3. Information on the reception of these works: the database contains references to the various types of reactions; in exceptional cases the texts of the commentaries themselves (by typing or OCR). A distinction is made between male and female receptions. Names of female “receivers” are also integrated in the first-level list. Thanks to this unique listing, networks and filiations between women can be rendered visible. Names of male readers do not figure in the same system; they are of course noted down in the records.
Several levels of reception are distinguished, which yield different, mutually complementary, information. One of the novelties of our database’s structure is in the bringing together of these levels:
- The “silent reception”, documented by book history and the history of reading. This material is of the utmost importance for insight in the contemporary impact of texts by women. This information is, however, completely implicit and open to contradictory interpretation. For our purposes, it needs elaboration with the help of other types of reception documents:
- The “creative” reception: rewriting of texts, “intertextualities”;
- The “mediating” reception: literary reviews, translations etc. In these two levels, more easily than for the silent reception, gender can be taken into account.

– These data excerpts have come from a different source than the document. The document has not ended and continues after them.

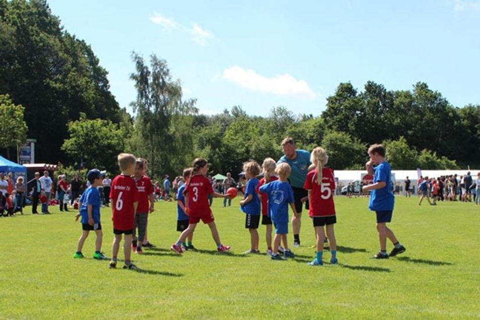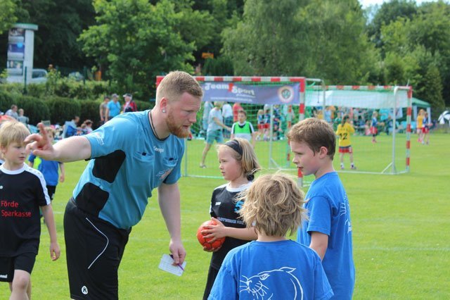 Plön/Wellsee (t). Die Maxis des TSV Plön versprechen neue Handball-Karrieren: Beim Kleeblatt-Turnier in Wellsee konnten 14 handballbegeisterte Kinder ihre ersten Erfahrungen im Spielbetrieb sammeln. Am Training (jeden Dienstag um 15 Uhr in der Plöner Breitenauhalle) nehmen die Mädchen und Jungen aus den Jahrgängen 2011 bis 2014 schon fleißig teil. Hier zeigt Trainerin Jana mit Hilfe des aktuellen FSJ-lers Robin wie man richtig passt, wirft und fängt.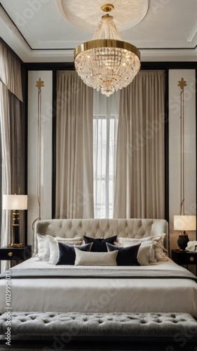 Elegant Luxury Bedroom with Crystal Chandelier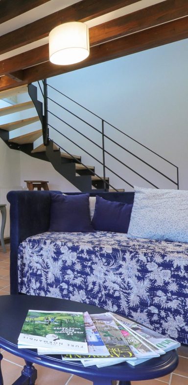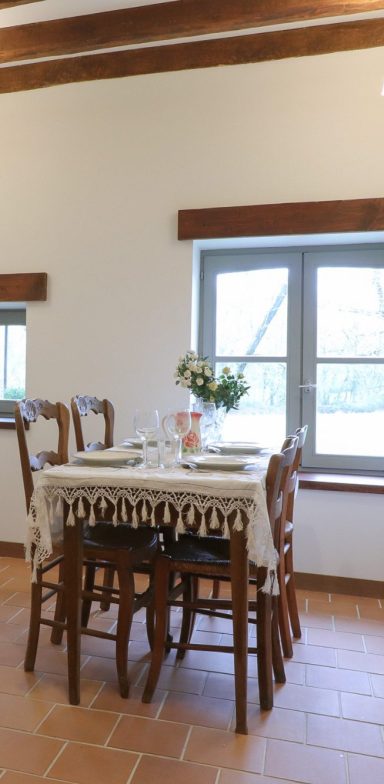 Les grandes fenêtres laissent entrer une lumière naturelle, et offrent une vue apaisante sur le jardin et les peupliers de la propriété.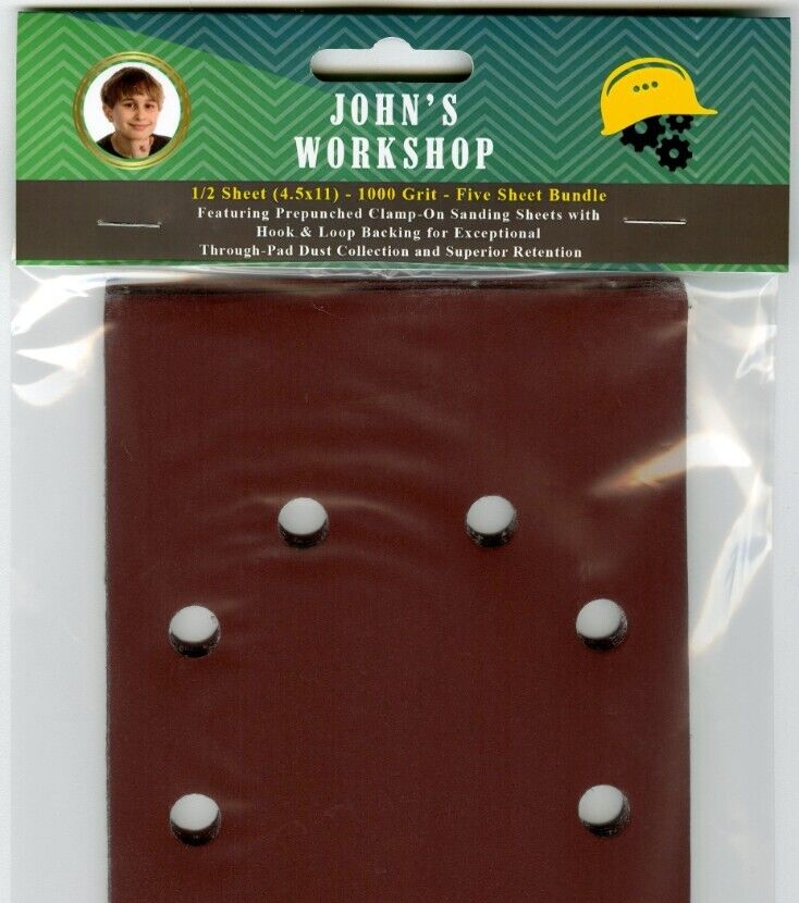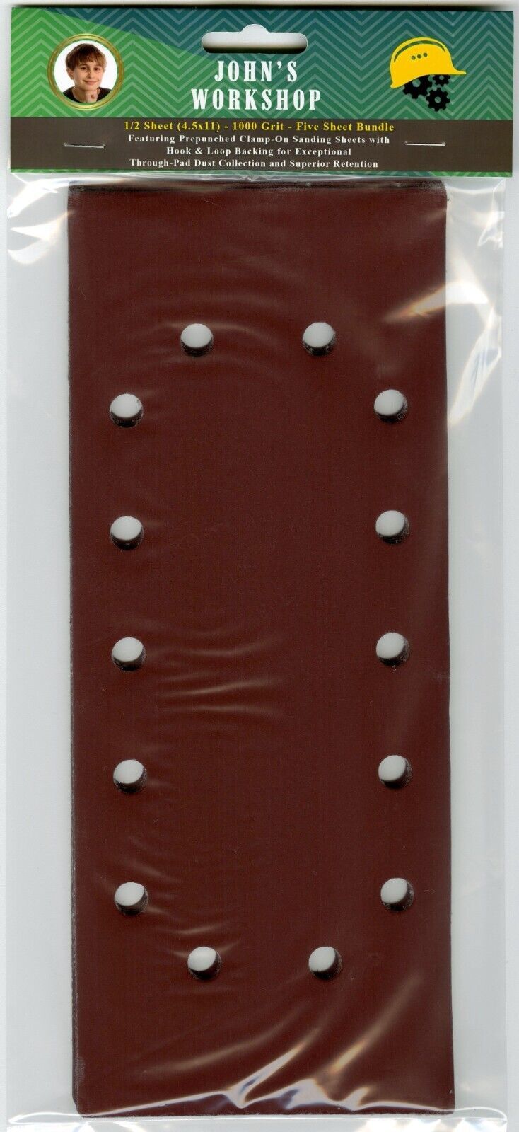 - Tacklife PSS02A - 1/2 Sheet - 1000 Grit - No-Slip - 5 Sandpaper Bundle

The database-structure thus generates a series of parallel texts (original texts and their rewritings and evaluations) which need to be studied by comparative textual analysis. Here, a particular instrument is helpful, brought about thanks to narratology: narrative topoi –recurrent elements representing crucial situations. A certain number of those elements will be selected and used as “standard-topoi” in the database, because, provoking reactions with contemporary critics, they must be considered particularly meaningful in women’s texts. Analysis of the “creative” and the “mediating” receptions will focus at these points in comparison to the original text.

The current project (2004-2007) concerns in particular the collecting of reception data from Dutch sources (18th and 19th centuries). At the same time, other projects are being prepared.